Big data storage is performed by the Hadoop framework in a distributed environment. Today, Big Data and Hadoop are two most used and popular terms among Big Data users. Hadoop mainly has two main components, one is HDFS and other is YARN. HDFS is used to store files in a distributed environment and YARN is used for managing resources.
Various clusters are used in Hadoop architecture to store and process the data. The clusters that are used in data processing must be used in a planned way. As each Hadoop cluster will have a certain capacity, so it must be used in a planned way to access and store the data. This article discusses the planning for Hadoop cluster data node as per their capacity and requirement of the process.

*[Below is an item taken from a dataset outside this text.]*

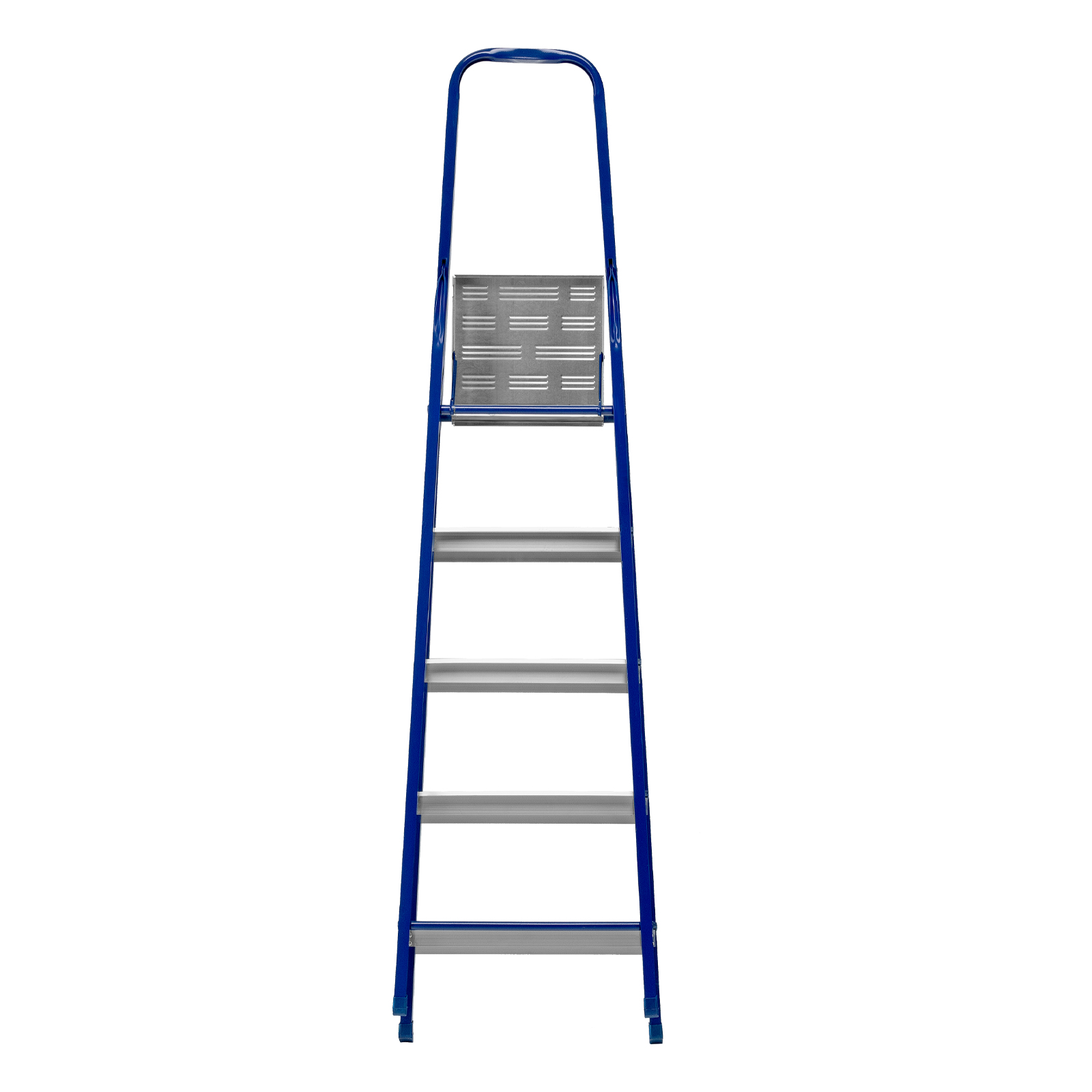 Стремянка Сибртех 97955 со стальным профилем и 5 ступенями, 4 из которых алюминиевые, упрощает доступ к предметам, расположенным на антресолях, шкафах, высоких полках. Также будет полезна для проведения отделочных и монтажных работ. Лестница обладает высокой прочностью при весе 6 кг и выдерживает нагрузку до 150 кг. Площадка находится на высоте 101,2 см от опорной поверхности, рабочая высота стремянки составляет 301,2 см (при среднем росте пользователя 170 см).

Hadoop Cluster Capacity Planning
Hadoop can accommodate changes and it is one and the foremost expectation and requirement of the system. It can be understood as in case if you will overestimate the storage requirement for your system, then in Hadoop you can scale down the clusters, while in case if you need more storage in a limited budget, then still you can process data by small clusters and nodes can also be added as per the growth of data sets.
While planning Hadoop cluster capacity, you should consider the needs for data redundancy. Here, it is required as Hadoop clusters replicated data to provide protection at the time of data loss. So, while planning cluster capacity you must consider this storage that is used to store replicas. If as per our estimation, you will be having 5 TB data and you are choosing four replicas for Hadoop then total 20 TB storage will be required to accommodate 5 TB data along with replicas.

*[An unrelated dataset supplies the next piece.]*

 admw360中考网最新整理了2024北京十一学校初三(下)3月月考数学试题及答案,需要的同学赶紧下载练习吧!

While planning for Hadoop cluster capacity, overhead and compression must also be taken into account. Here, data compression may be the most important as while storing data in clusters compression technique is applied and that is of much importance. It is a good practice to know which type of data will be stored in the cluster as some type of data is really benefited from compression while others may not.
There is not much compression can be used in case of scientific data or compressed media or in case of Docker containers so compression is not useful for them, while for other types of data like in case of text-rich data compression rate is quite good, so it may be beneficial to use compression for such type of data.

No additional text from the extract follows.